With binary search, we search for the left and right index where our target number is. Then, subtracting right with minus gives us the frequency of that target number in our list. The key is the bisect_left function, which has time complexity of log N.

import sys
from bisect import bisect_left, bisect_right

input = sys.stdin.readline

n = int(input())  # Read the number of cards Sanggeun has
lst = list(map(int, input().split()))  # List of cards Sanggeun has
m = int(input())  # Number of queries
hola = list(map(int, input().split()))  # The target numbers to check

# Sort the list of cards for binary search
lst.sort()

# Function to find the count of a target in the sorted list
def count_occurrences(lst, target):
    left = bisect_left(lst, target)  # Find first occurrence
    right = bisect_right(lst, target)  # Find one past the last occurrence
    return right - left  # The count is the difference between the two indices

# For each query, find the count of that target in lst
real_ans = [count_occurrences(lst, target) for target in hola]

# Print the results as space-separated integers
print(*real_ans)

complexity

1. Sorting the List:

   • Before performing binary search, we need to sort the list of coordinates.
   • Sorting a list of size N has a time complexity of O(N log N).

2. Handling Each Query:

   • For each query, we use binary search to find the first and last occurrences of a number in the sorted list:
     • bisect_left(lst, target) performs a binary search to find the index of the first occurrence of the target.

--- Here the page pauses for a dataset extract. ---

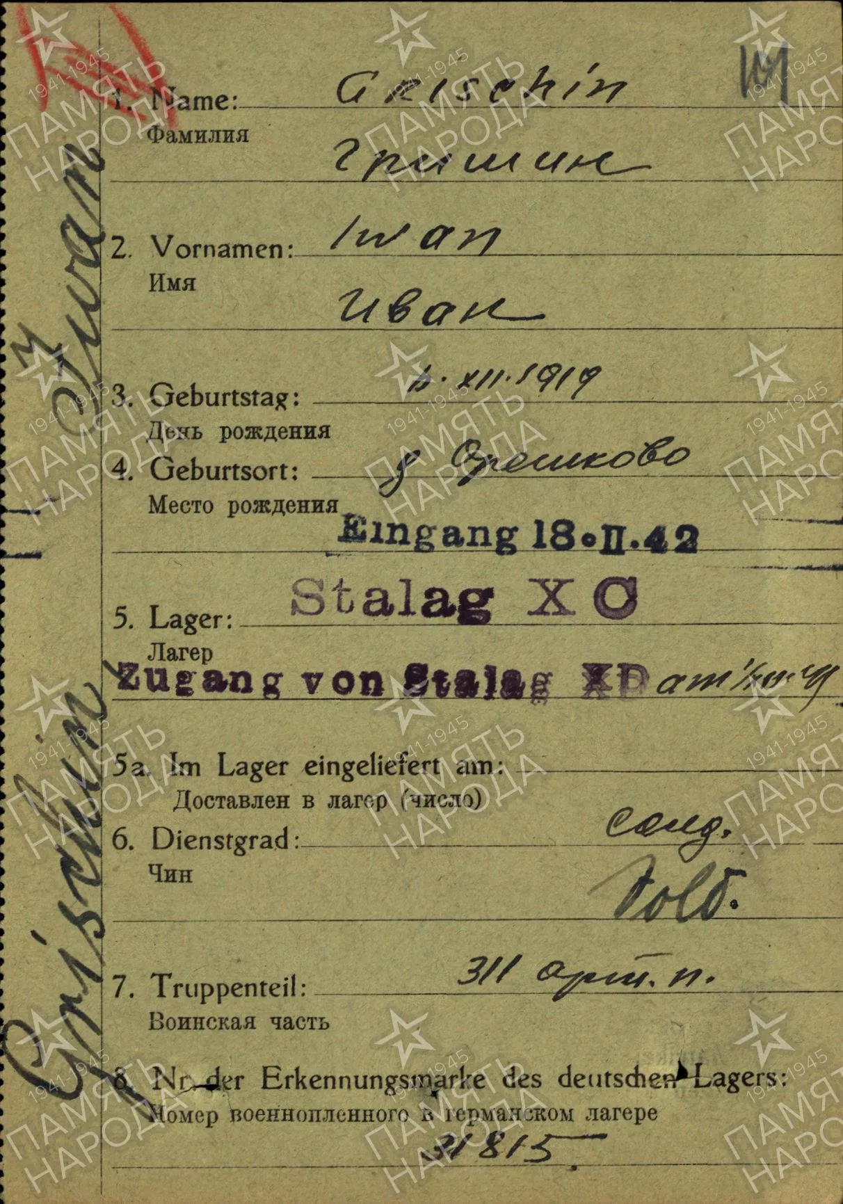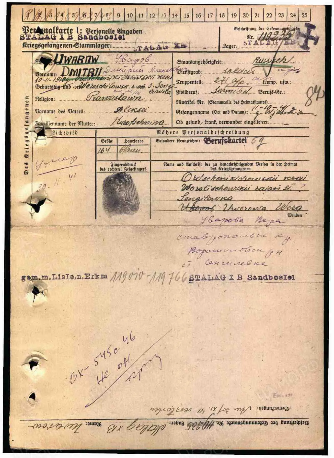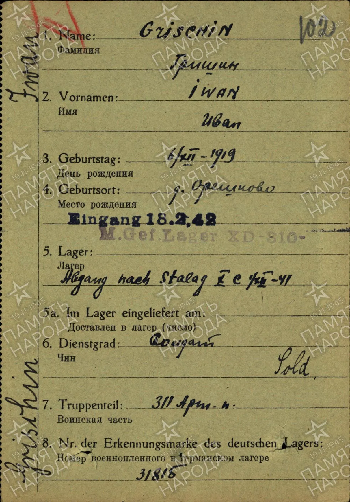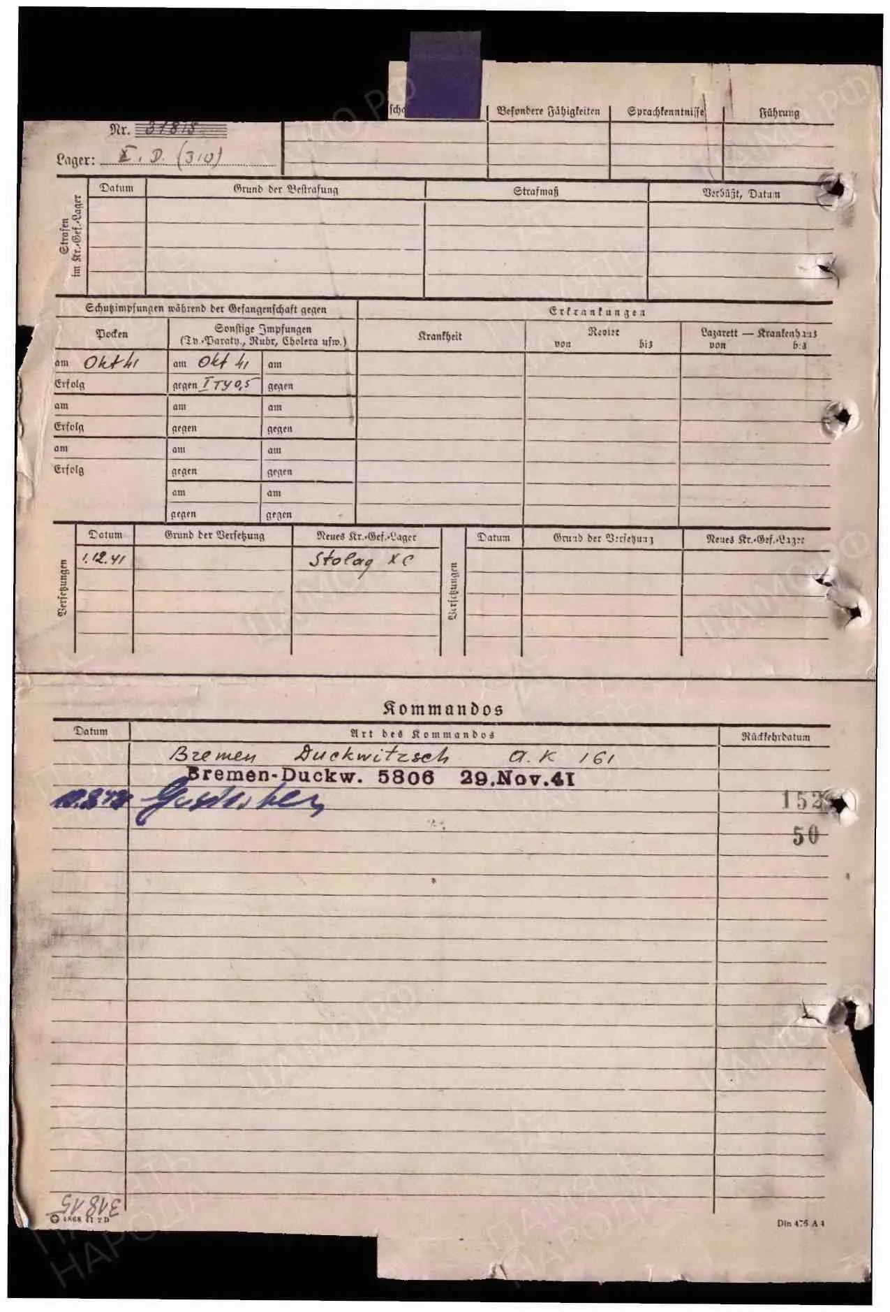 Допсведения с карты военнопленного:

It runs in O(log N) time.
     • bisect_right(lst, target) performs a binary search to find the index of one past the last occurrence of the target. It also runs in O(log N) time.

3. Final Complexity:

   • Sorting the list of size N takes O(N log N).
   • For each query, performing two binary search operations takes O(log N).
   • If there are M queries, the total time complexity for handling all queries is O(M log N).

Therefore, the overall time complexity is:

• O(N log N) for sorting the list of coordinates.
• O(M log N) for processing each query.

Thus, the final total time complexity is:

• O(N log N + M log N).

1. Space for the Sorted List:

   • The list lst stores N elements. Sorting it in place requires O(N) additional space.

2. Space for Storing Results:

   • We store the results of each query in a list of size M, so the space for the result is O(M).

3. Binary Search Operations:

   • Each binary search (bisect_left and bisect_right) operates in O(1) extra space, as they work directly on the list.

Final Space Complexity:

• O(N) for storing the sorted list of coordinates.
• O(M) for storing the results of each query.

Thus, the overall space complexity is:

• O(N + M).

Summary:

• Time Complexity: O(N log N + M log N)
• Space Complexity: O(N + M)

This approach is efficient and scales well for large input sizes.